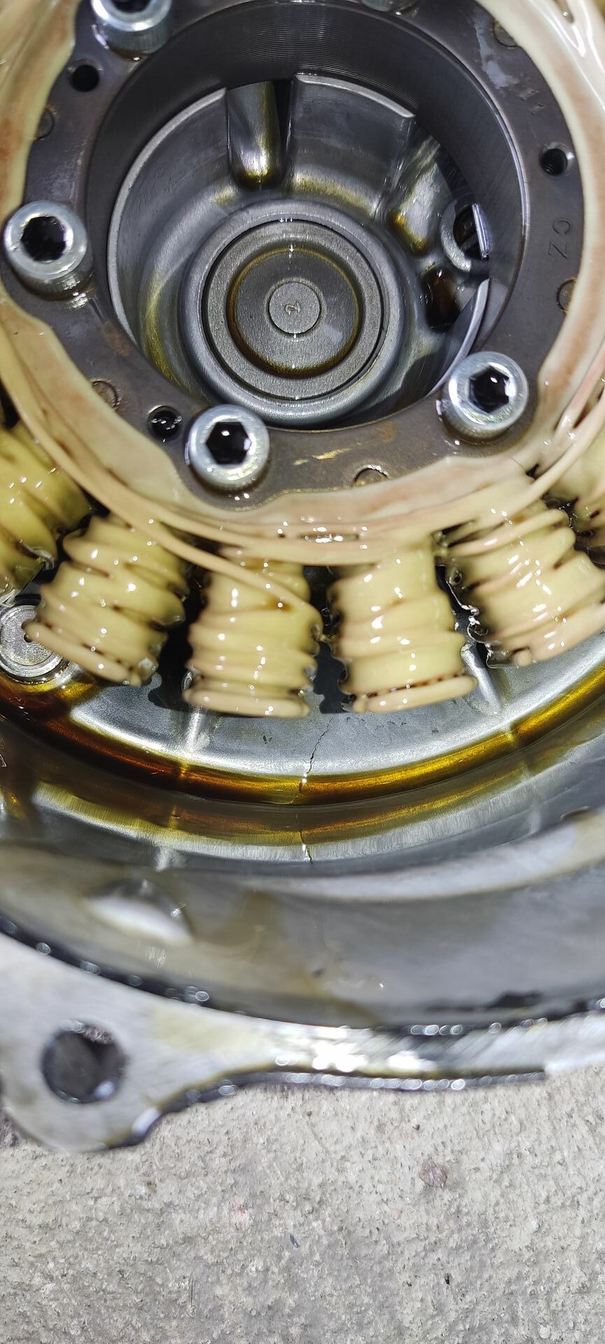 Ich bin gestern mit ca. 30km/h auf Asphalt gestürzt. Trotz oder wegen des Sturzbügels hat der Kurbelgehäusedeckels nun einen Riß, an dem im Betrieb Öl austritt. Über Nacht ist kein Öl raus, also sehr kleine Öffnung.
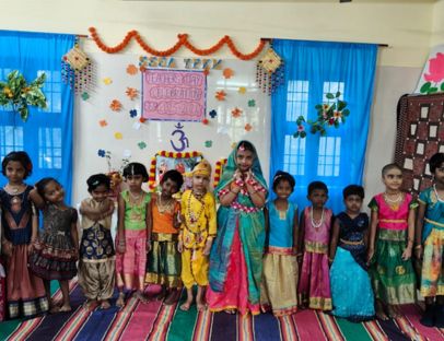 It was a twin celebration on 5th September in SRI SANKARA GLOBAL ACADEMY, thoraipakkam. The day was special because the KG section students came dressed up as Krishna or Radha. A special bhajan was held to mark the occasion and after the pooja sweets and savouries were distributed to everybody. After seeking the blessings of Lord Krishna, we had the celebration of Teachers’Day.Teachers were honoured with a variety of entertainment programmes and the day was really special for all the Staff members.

...

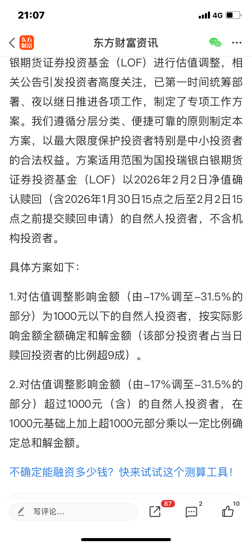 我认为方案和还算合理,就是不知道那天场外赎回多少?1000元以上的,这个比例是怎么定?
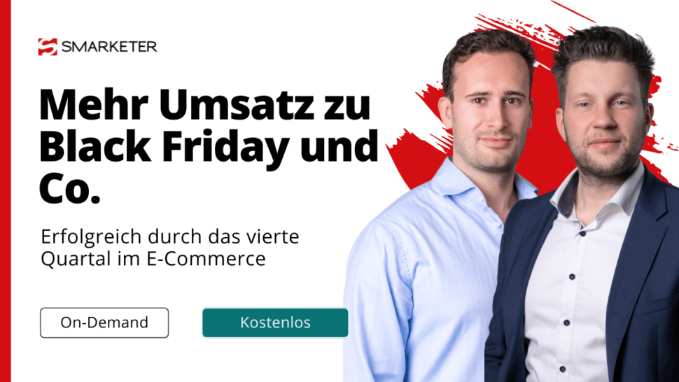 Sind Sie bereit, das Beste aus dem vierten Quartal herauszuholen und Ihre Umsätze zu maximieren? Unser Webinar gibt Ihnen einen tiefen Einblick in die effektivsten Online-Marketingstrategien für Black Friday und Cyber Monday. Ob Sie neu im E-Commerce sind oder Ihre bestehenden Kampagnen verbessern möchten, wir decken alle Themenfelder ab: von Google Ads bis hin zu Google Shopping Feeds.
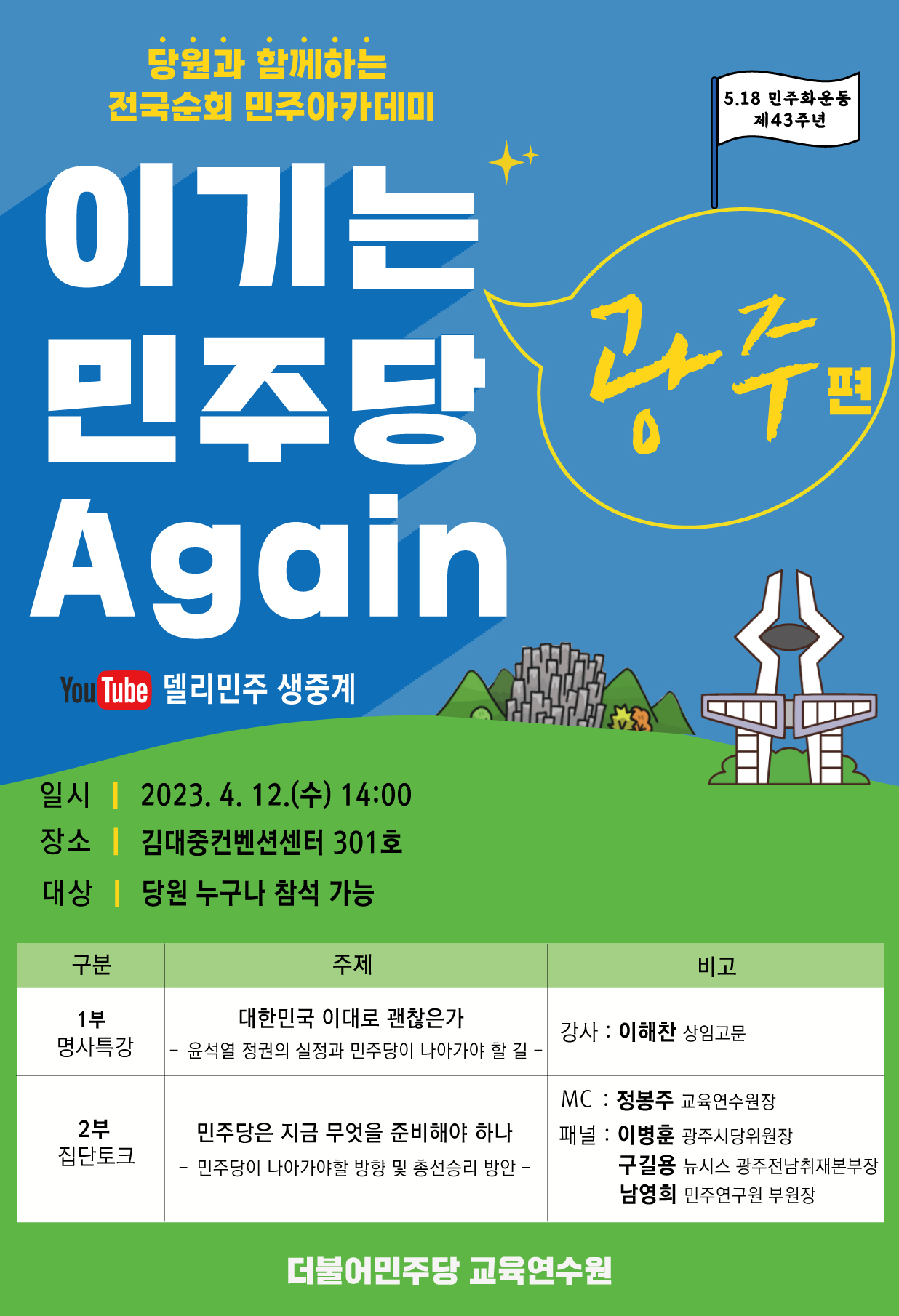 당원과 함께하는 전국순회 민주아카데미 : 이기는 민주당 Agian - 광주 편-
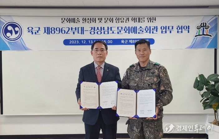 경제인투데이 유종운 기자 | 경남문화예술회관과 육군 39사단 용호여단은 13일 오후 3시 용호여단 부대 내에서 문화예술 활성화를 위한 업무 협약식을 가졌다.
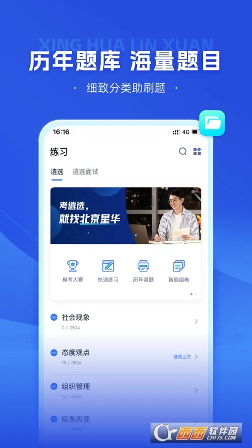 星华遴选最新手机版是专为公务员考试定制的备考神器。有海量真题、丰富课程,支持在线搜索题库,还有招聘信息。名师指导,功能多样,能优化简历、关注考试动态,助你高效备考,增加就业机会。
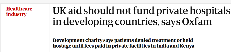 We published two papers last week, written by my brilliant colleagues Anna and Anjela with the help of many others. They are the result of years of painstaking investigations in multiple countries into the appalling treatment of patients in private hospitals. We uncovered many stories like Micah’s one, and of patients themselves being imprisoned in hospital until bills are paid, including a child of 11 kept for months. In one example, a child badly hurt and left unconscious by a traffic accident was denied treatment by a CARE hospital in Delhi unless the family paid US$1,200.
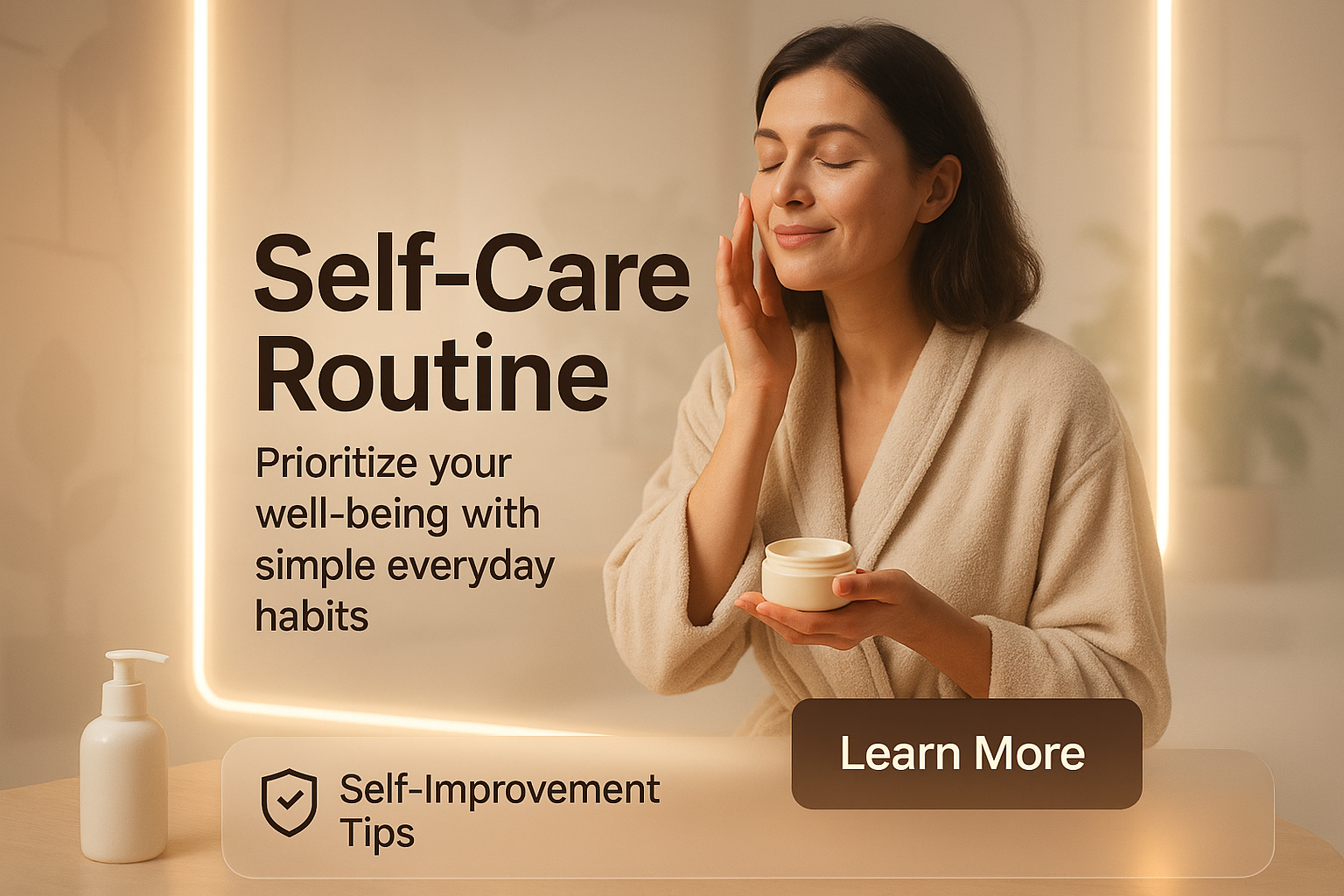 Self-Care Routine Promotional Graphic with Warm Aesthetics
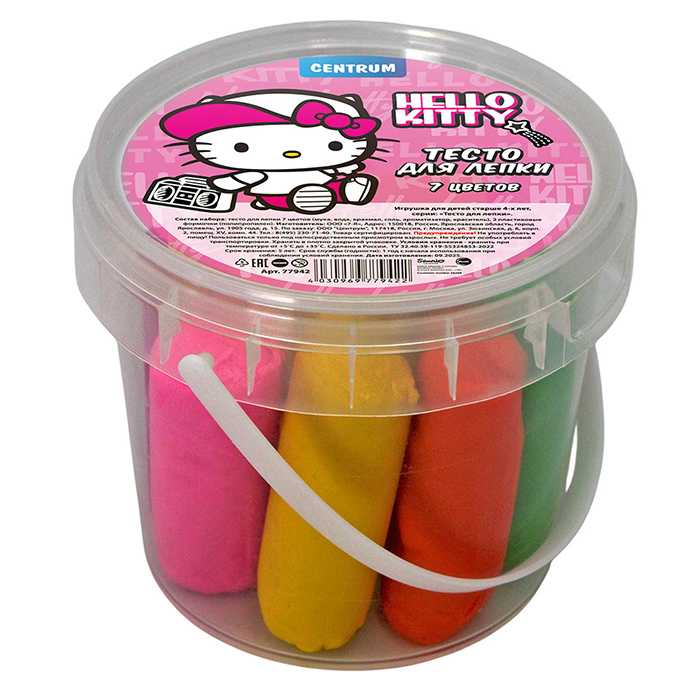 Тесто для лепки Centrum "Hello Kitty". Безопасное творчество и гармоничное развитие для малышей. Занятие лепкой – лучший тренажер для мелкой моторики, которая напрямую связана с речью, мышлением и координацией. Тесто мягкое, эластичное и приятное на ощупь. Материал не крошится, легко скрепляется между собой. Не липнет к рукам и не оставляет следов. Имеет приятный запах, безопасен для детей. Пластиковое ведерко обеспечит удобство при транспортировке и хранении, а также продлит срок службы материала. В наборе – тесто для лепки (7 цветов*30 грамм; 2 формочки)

## ASSIGNMENT
Within the listing above, extract exactly the lines that run from the one containing "Ich bin gestern" through the one containing "It was a twin", excluding any pictures.

## TASK RESPONSE
 Ich bin gestern mit ca. 30km/h auf Asphalt gestürzt. Trotz oder wegen des Sturzbügels hat der Kurbelgehäusedeckels nun einen Riß, an dem im Betrieb Öl austritt. Über Nacht ist kein Öl raus, also sehr kleine Öffnung.
 It was a twin celebration on 5th September in SRI SANKARA GLOBAL ACADEMY, thoraipakkam. The day was special because the KG section students came dressed up as Krishna or Radha. A special bhajan was held to mark the occasion and after the pooja sweets and savouries were distributed to everybody. After seeking the blessings of Lord Krishna, we had the celebration of Teachers’Day.Teachers were honoured with a variety of entertainment programmes and the day was really special for all the Staff members.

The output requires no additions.